• [What is required] Reproduce the material below line by line, beginning with its first line and ending with the line that contains "ale pořád cool."; leave out pictures.

(Entries shown)

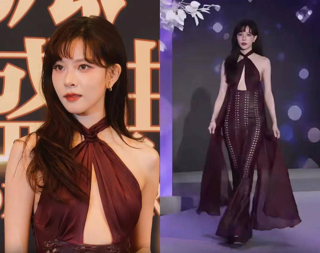 郁可唯也穿了亮晶晶的礼服,是一条黑金拼接亮片长裙。裙子的设计没有很好看,非要找优点的话应该是在闪光灯下足够闪亮吧。
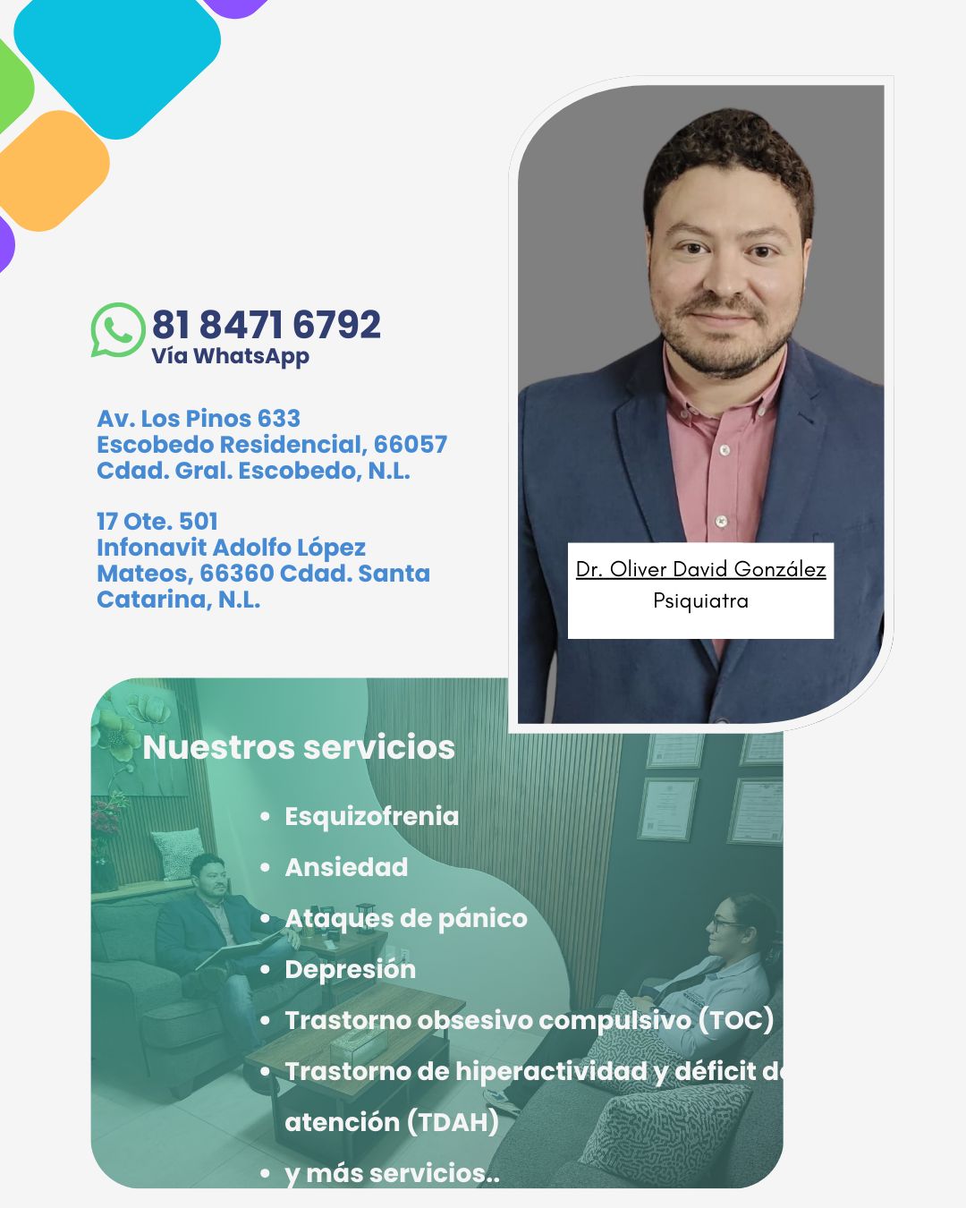 Soy Psiquiatra por la Universidad de Monterrey y el Instituto Mexicano del Seguro Social. Y estoy certificado por el Consejo Mexicano de Psiquiatría.
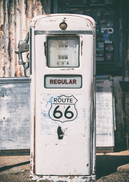 "Běžná čerpací stanice 66" poster od Philippe HUGONNARD. Tahle bílá, ošlehaná pumpa na Route 66 v Arizoně není jen kus kovu – je to malý stroj času. Praskliny a oděrky tu vyprávějí příběhy dálkových jízd a zastávek uprostřed ničeho. Nápis „REGULAR“ a legendární štít Route 66 mluví jasně – tady začíná dobrodružství, které nikdy nezestárne. Pro všechny, kdo milují vintage atmosféru a chuť Ameriky, je tohle přesně ten kousek, co nesmí chybět. Tak trochu retro, tak trochu drsné, ale pořád cool.
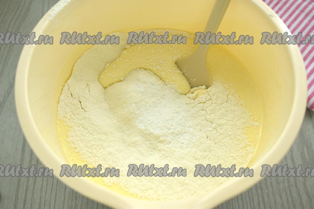 Во взбитую яичную массу всыпаем разрыхлитель и грамм 70 просеянной муки, перемешиваем бисквитное тесто лопаткой (или столовой ложкой), полностью вмешивая муку, но при этом стараясь не сбить воздушность взбитых яиц.
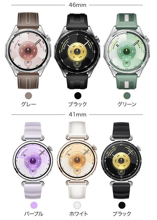 GT 6では前作同様に大小2サイズが用意されています。41mmモデルは従来と同じ1.32インチですが、46mmモデルは従来の1.43インチから1.47インチへ拡大され、表示領域が広がりました。
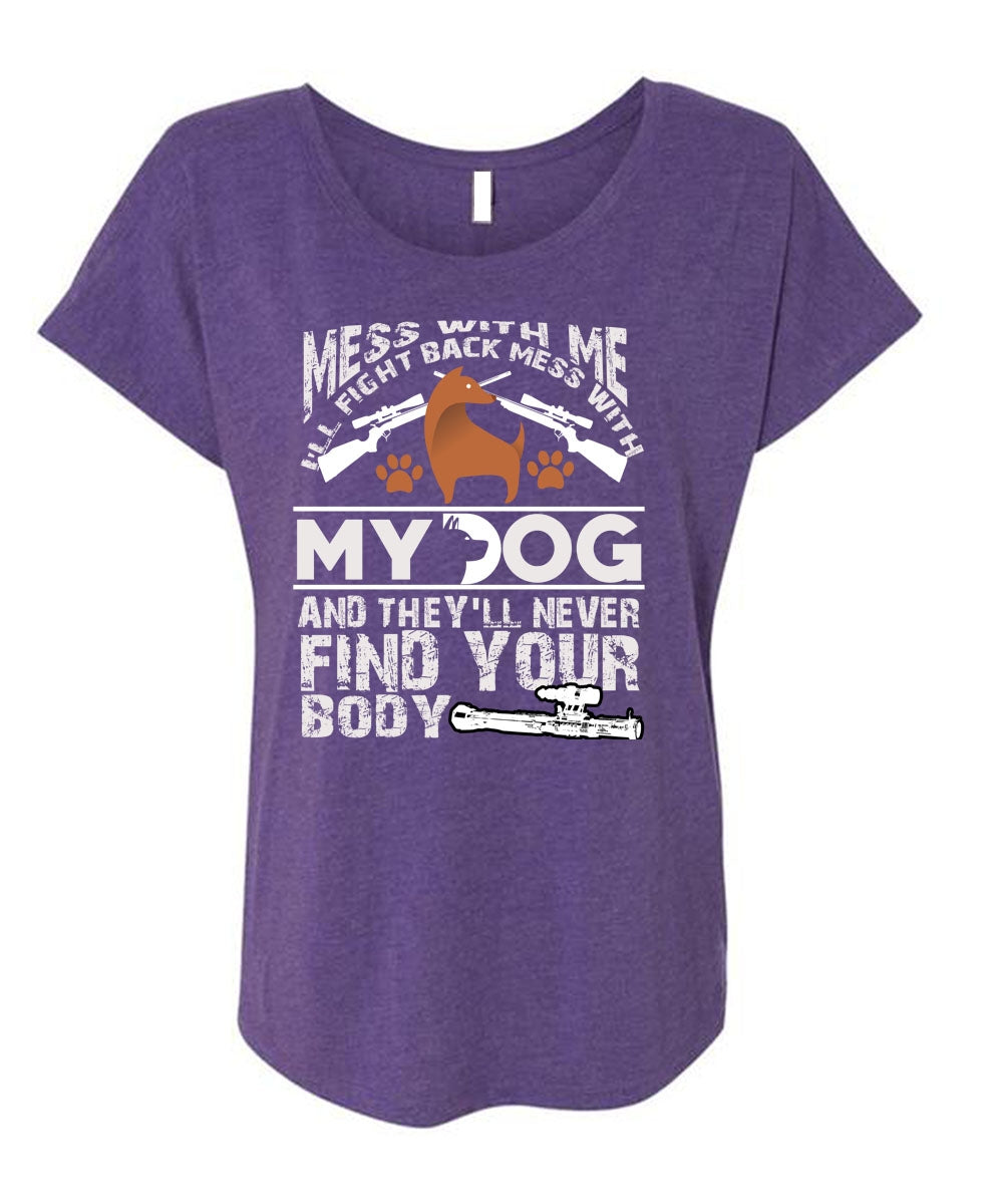 I'll Fight Back Mess With My Dog T Shirt, They'll Never Find Your Body T Shirt, Cool Shirt (Ladies' Triblend Dolman Sleeve)
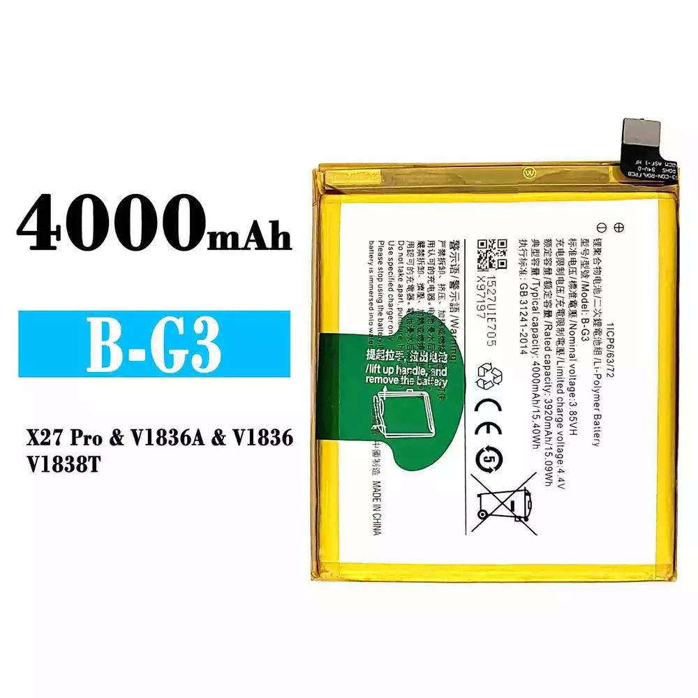 Akun malli B-G3 sovittaa VIVO X27 Pro/V1836/V1836A/V1838T
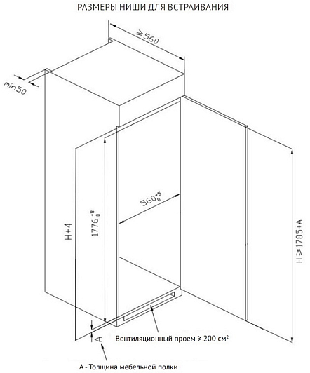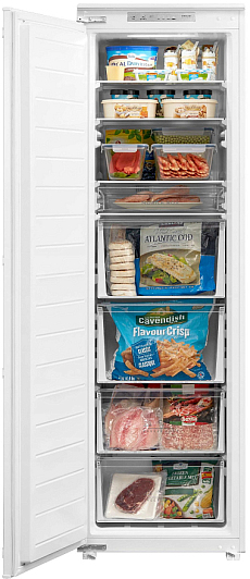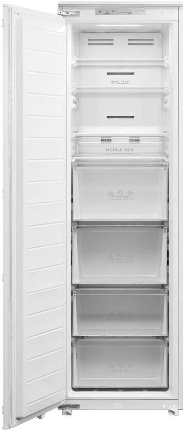 Общие характеристики:- Тип: встраиваемый- Вид: морозильник- Количество камер: 1- Количество компрессоров: 1 - Разморозка морозильной камеры: No Frost- Полезный объем морозильной камеры: 212 л- Цвет: белый - Уровень шума: 41 дБ- Класс энергетической эффективности: A+- Годовое потребление энергии: 236 кВтч/год- Размеры (ВхШхГ): 178.5х54х54.5 см- Размеры ниши для встраивания: 177х56х55 см
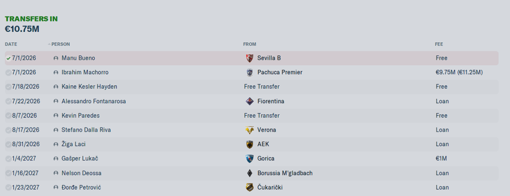 This window went like most of my transfers window do: According to plan, until the bottom drops out and you are scrambling. The first unexpected out was Joaquin Jara. The M(C)/DM had a solid season with us last year, but Eupen cam calling and he really wanted to leave, so I let him leave. Kılıç Arslan Kuruçelik leaving was unexpected to say the least. One of the two Turkish youngsters I picked up on a free after Trabzonspor let both go, I was expecting him to get a lot of first team playing time. With us, and not AS Roma. But the Serie A Italian club came calling, and out the door he went, because I didn’t have a minimum release fee on him.
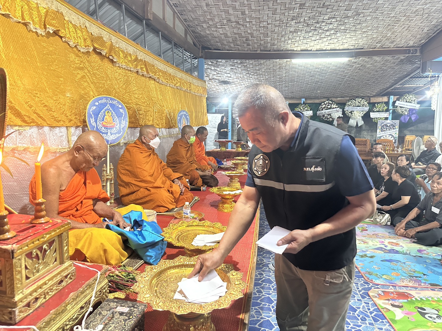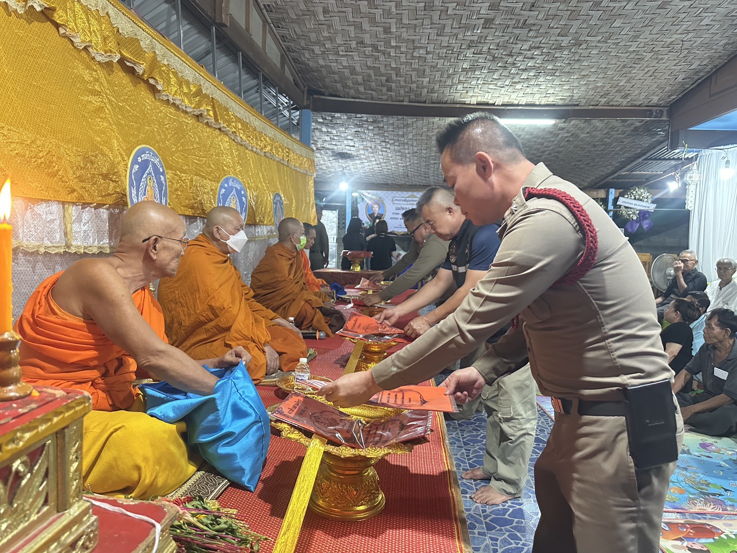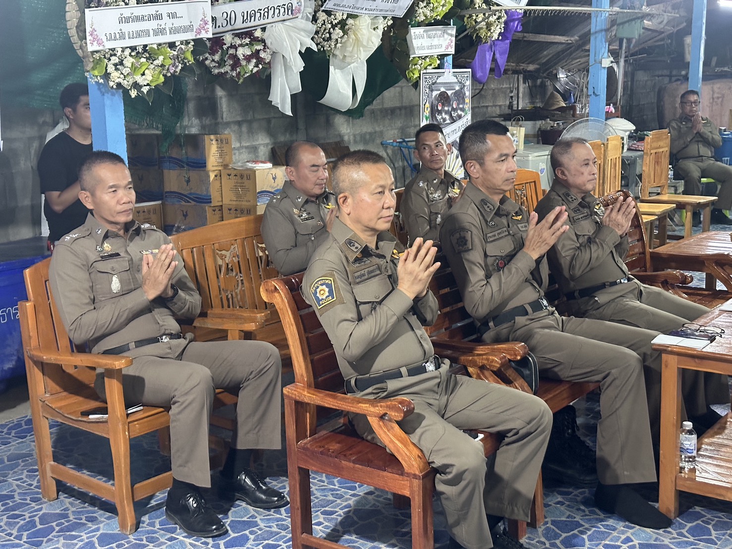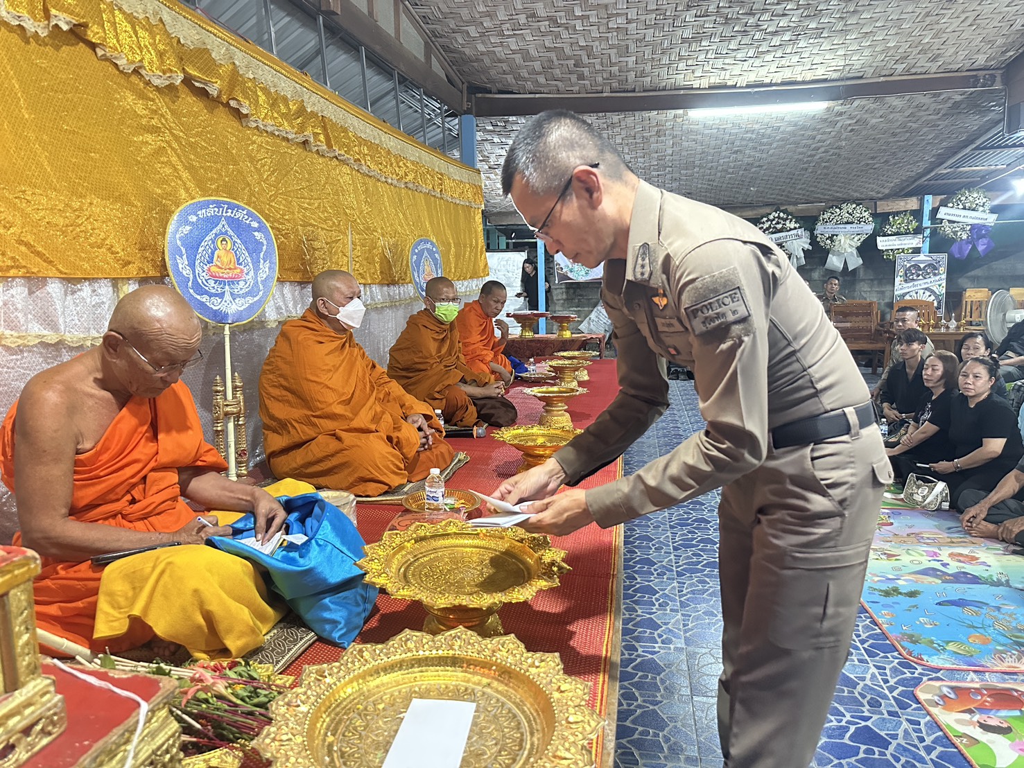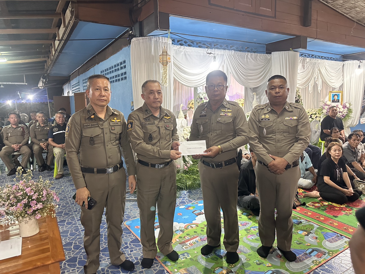 วันที่(27มี.ค.68) เวลา20.00น. พ.ต.อ.ธีรณัจต์ เมธาอรรถพงศ์ ผกก.สภ.ทุ่งเสลี่ยม, พ.ต.ท.อิทธ์ฉัตรชัย เรืองชัยศิวเวท รอง ผกก.ป.สภ.ทุ่งเสลี่ยม, พ.ต.ท.ประเทือง สายโอ๊ะ รอง ผกก.(สอบสวน)สภ.ทุ่งเสลี่ยม,พ.ต.ท.กมลฐพัฒน์ ภูสินธนปวรรัช รอง ผกก.สส. สภ.ทุ่งเสลี่ยม พร้อมด้วยข้าราชการตำรวจ สภ.ทุ่งเสลี่ยม ร่วมสวดพระอภิธรรมศพ คุณแม่ ทอง วงค์จักร์ มารดาของ ร.ต.อ.วศิน วงค์จักร์ ตร.สภ.ทุ่งเสลี่ยม โดยมี พ.ต.อ.สุขเกษม สุนทรวิภาต รอง ผบก.ภ.จว.สุโขทัย เป็นประธานในพิธี และได้มอบเงินสวัสดิการช่วยเหลือตามโครงการช่วยเหลือบรรเทาความเดือดร้อน ตร. ในหน่วย โดยมี ร.ต.อ.วศิน วงค์จักร์ เป็นผู้รับมอบ ฯ

(End Entries shown)

• [Expected answer]
 郁可唯也穿了亮晶晶的礼服,是一条黑金拼接亮片长裙。裙子的设计没有很好看,非要找优点的话应该是在闪光灯下足够闪亮吧。
 Soy Psiquiatra por la Universidad de Monterrey y el Instituto Mexicano del Seguro Social. Y estoy certificado por el Consejo Mexicano de Psiquiatría.
 "Běžná čerpací stanice 66" poster od Philippe HUGONNARD. Tahle bílá, ošlehaná pumpa na Route 66 v Arizoně není jen kus kovu – je to malý stroj času. Praskliny a oděrky tu vyprávějí příběhy dálkových jízd a zastávek uprostřed ničeho. Nápis „REGULAR“ a legendární štít Route 66 mluví jasně – tady začíná dobrodružství, které nikdy nezestárne. Pro všechny, kdo milují vintage atmosféru a chuť Ameriky, je tohle přesně ten kousek, co nesmí chybět. Tak trochu retro, tak trochu drsné, ale pořád cool.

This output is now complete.